Wojciech Matuszewski for AWS Community Builders

Posted on Apr 27, 2022

Processing large payloads with Amazon API Gateway asynchronously

#aws #serverless #apigw #sfn

In my previous article, I've talked about Synchronous AWS Lambda & Amazon API Gateway limits and what to do about them.

As stated in the blog post, the ultimate solution for a "big payload" problem is making the architecture asynchronous. Let us then zoom in on the aspect of asynchronous communication in the Amazon API Gateway service context and build a serverless architecture based on the notion of "pending work".

Problem refresher

The following illustrates the Amazon API Gateway & AWS Lambda payload size problem I've touched about in the previous article.

No matter how hard you try, you unable to synchronously send more than 6 MB of data to your AWS Lambda function. The limit can seriously mess with your significant data-processing needs.

Luckily there are ways to process much more data via AWS Lambda using asynchronous workflows.

The starting line - pushing the data to the storage layer

Suppose you were to ask the community about the potential solution to this problem. In that case, I wager that the most common answer would be to use Amazon S3 as the data storage layer and utilize presigned URLs to push the data to Amazon S3 storage.
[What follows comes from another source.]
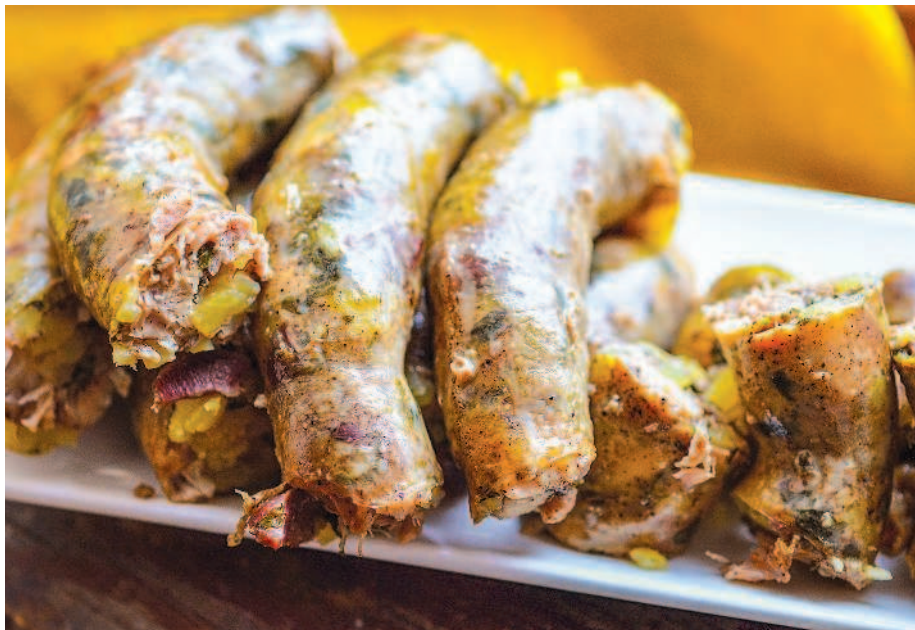
Куриная колбаса с картофелем, с. 16

While very universal, the flow of presigned URL to Amazon S3 can be nuanced, especially since one can create the presigned URL in two ways.
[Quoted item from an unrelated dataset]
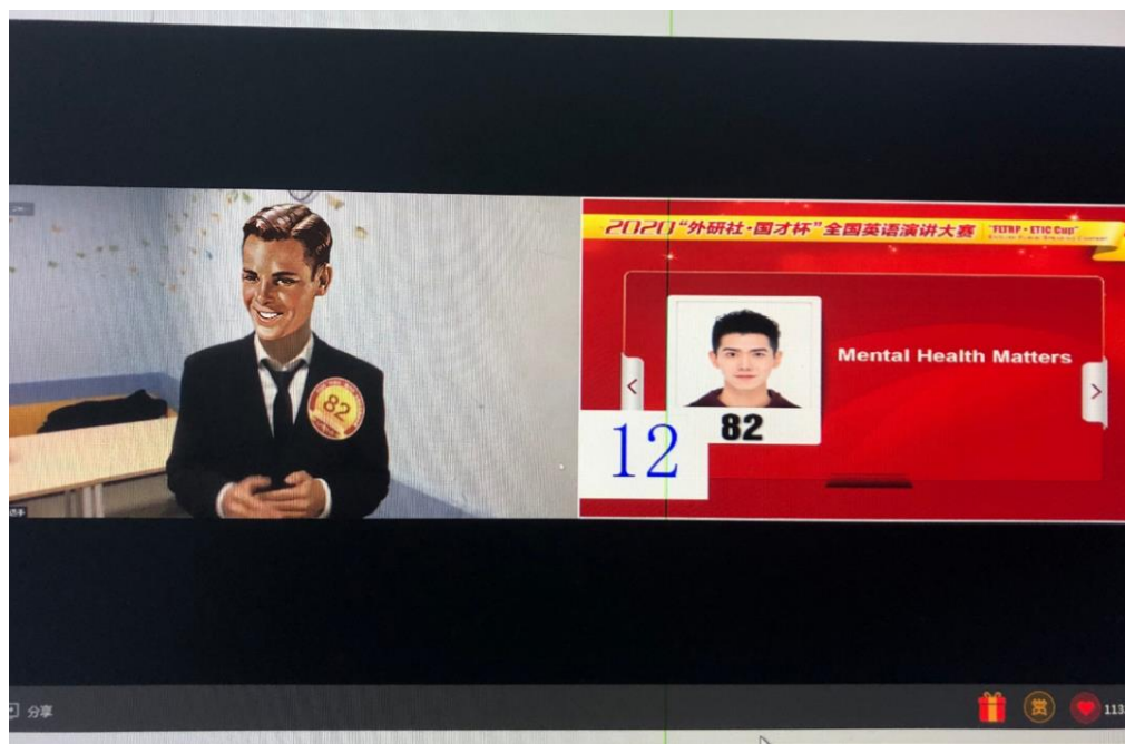
商务英语（跨国商务）方向学生获2020“外研社·国才杯”全国英语演讲大赛全国决赛二等奖

Describing these would make this article a bit too long for my liking, so I'm going to defer you to this great article by my colleague Zac Charles which did the topic much more justice than I could ever do.

I have the data in Amazon S3. Now what?

Before processing the data, our system must know whether the client used the presigned URL to push the data to the storage layer. To my best knowledge, there are two options we can pursue here (please let me know if there are other ways to go about it, I'm very keen to learn!)

I omitted the AWS CloudTrail to Amazon EventBridge flow on purpose as I think engineers should favor the direct integration with AWS EventBridge instead.

S3 Event Notifications

The Amazon S3 event notifications, till recently, was a de facto way of knowing whether data landed into Amazon S3.

While sufficient for most use-cases, the feature is not without its problems, the biggest of which, I would argue, are the misunderstandings around event filtering and IaC implementation.

The most essential thing to have in mind when it comes to event filtering is that you cannot use wildcards for prefix or suffix matching in your filtering rules. There are more things to consider, though. If you plan to use the filtering feature of S3 event notifications, I strongly encourage you to read this documentation page thoroughly.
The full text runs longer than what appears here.